И стал он ими распоряжаться так, как нищий, который неожиданно выиграл миллион.
Или — как наш обыкновенный человек, которому в руки попалась японская фотокамера с наворотами. Всё делает сама. И снимки получаются замечательные. Но, оказывается, при случае, ею можно ещё и орехи колоть…
Супруга все эти разброды и идейные шатания Льва Николаевича не только видела, но и относилась к ним с явным неодобрением. Указывала на них Лёвочке, сопротивлялась новациям, которыми матёрый человечище старался пройтись по своей многодетной семье. Хотела она, чтобы написал он ещё одну «Войну и мир» или «Отца Сергия». Про жизнь с человеческими отношениями, такую и так, как только её любимый Лёвочка мог описывать.
Но с Лёвочки всё было, как с гуся вода. Медные трубы не дают герою слушать кого-либо ещё, кроме собственного голоса. «Учение Льва Толстого всесильно, потому что оно верно» — было написано на его знамени и сомнения накатывали только тогда, когда к ногам вдруг неожиданно сваливался, ослабев от голода, прилежный последователь его Учения.
Лёвочке весьма импонировала роль трибуна. Агитатора, горлана, главаря. Он бы и в бродяги, в нищие давно бы пошёл, но перспектива слиться с толпой, раствориться в ней, оказаться в безвестности, его совсем не привлекала.
Хорошо, облачившись в рубище, постучать в двери аристократического особняка, а потом наблюдать изумление и трепет его хозяев, признавших вдруг в нём великого Льва Толстого. Графа. Всё это были игры, которые всегда позволяли, после очередного развлечения, возвратиться к себе в привычные барские покои, усесться за письменный стол и всё-таки заняться тем, к чему всю жизнь толкало его Предназначение.
И вот тут я путаюсь. Я задаю себе вопрос: — А, какое оно было, Предназначение Льва Николаевича Толстого?
Просто — стать великим писателем, одним из лучших, самым лучшим, или — привести Россию к революции? Ведь Ленинсталин — это Лев Николаевич минус человеколюбие, совесть, честь. Да, и, если сравнить, то и — ум.
Они пришли в страну, в которой общество уже было подготовлено к построению счастливой жизни путём «справедливого» перераспределения материальных ценностей и благ. Из всех заповедей Льва Николаевича эта оказалась наиболее понятной и доступной.
Вряд ли удалось бы собрать народ под знамёна революции, призывая их к нравственному самоусовершенствованию. К 17-му году российский народ устал исполнять Заповеди.
Как раз на них, на нравственность широким народным массам предлагалось плюнуть и забыть.

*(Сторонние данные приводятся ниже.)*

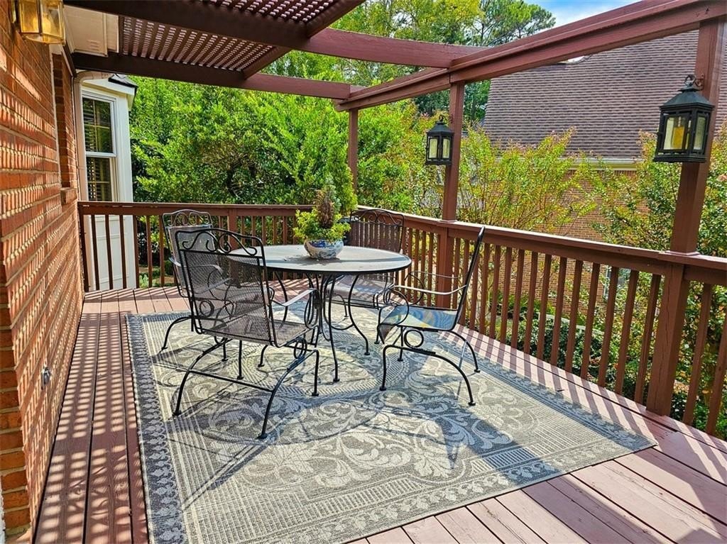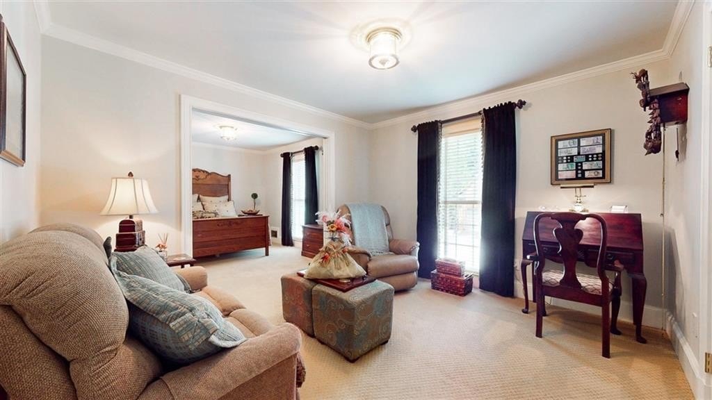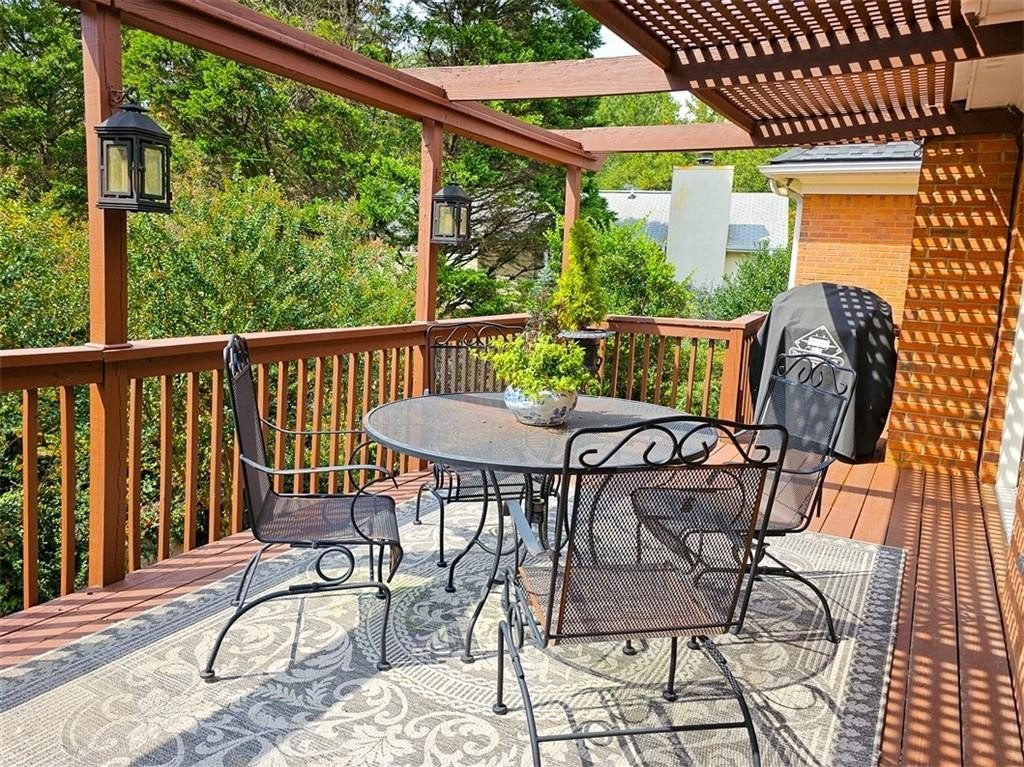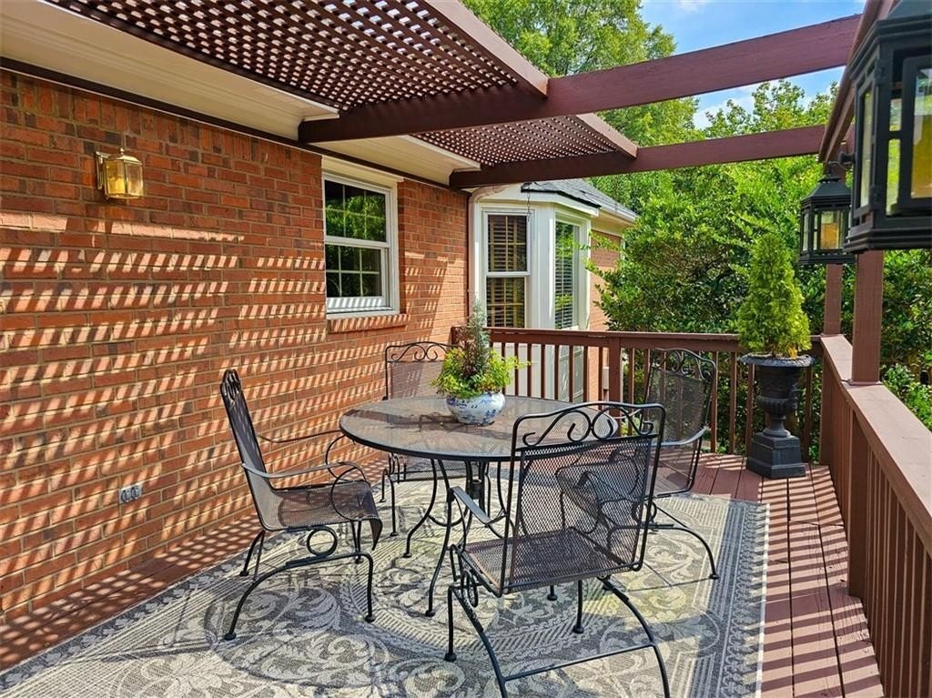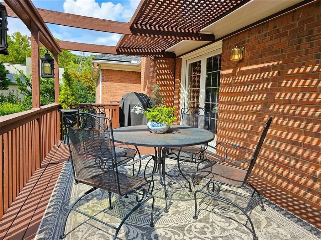 Check out the 3D virtual tour! Sophistication and elegance abound in this beautifully appointed brick home sitting on a beautifully landscaped corner lot in the peaceful and walkable cul-de-sac neighborhood of Heritage Hills. The main floor offers a variety of living spaces, including a private office off the foyer, a sun-drenched, wood paneled great room with gleaming hardwoods, a brick fireplace, and French doors leading to a pergola-covered deck. The renovated kitchen boasts a 24” built-in Thermador column refrigerator and separate 24” Thermador column freezer, stainless steel appliances, granite countertops, TV above range, a bay window breakfast area, and an adjoining formal dining room—perfect for entertaining. The spacious main-level primary suite includes a cozy sitting area and an ensuite bath renovated by Design Galleria including heated marble floors, separate marble shower and large soaking tub with air bath and TV connection. A second main-floor full bath adds convenience. The main floor also includes another generously sized bedroom with its own oversized sitting room. The daylight finished lower level is a true in-law suite, featuring a kitchenette, full bath, three bedrooms, living and dining areas, a bonus workout room, and walk-out access to the patio and backyard. New roof August 2025. Very convenient to Emory/CDC/CHOA/VA, Medlock Park and The Path, as well as many retail and restaurant options, Downtown Decatur, and major roads.

Они и забыли…
И ещё…
Софья Андреевна, жена писателя.
Женился на ней Лев Николаевич по любви. Детей она ему дарила беспрекословно, сколько Бог давал — столько и дарила. И Лев Николаевич их любил, старался воспитывать. И был супруге своей верен.
Но…
«…брак следует сравнивать с похоронами, а не с именинами. Человек шел один — ему привязали за плечи пять пудов, а он радуется. Что тут и говорить, что если я иду один, то мне свободно, а если мою ногу свяжут с ногою бабы, то она будет тащиться за мною и мешать мне». Т. Полнер «Лев Толстой и его жена». — Это не «Крейцерова соната», это обыкновенный разговор Льва Николаевича с женой и учителем его сыновей. При постороннем человеке, учителе, в присутствии любимой жены Толстой высказывает свои взгляды на институт брака.
Не далеко он ушел в своих высказываниях от женоненавистнических монологов героя «Крейцеровой сонаты». Повесть эту Софья Андреевна ненавидела, хотя, возможно, и раз пять, переписала. Любила она качественную литературу.
Но, может, и зря она так относилась к шедевру, шипящему злобой в адрес прекрасного пола? Может, не про женщин пытался высказаться Лев Николаевич, окружённый со всех сторон клеткой идеальных своих семейных отношений? Может, в облике зарезанной женщины он представлял себя, и вся «Крейцерова соната» — это повесть о трагической судьбе женщины, которая — он сам? «Госпожа Бовари — это… я?..».
Ну, представим личную жизнь Льва Николаевича.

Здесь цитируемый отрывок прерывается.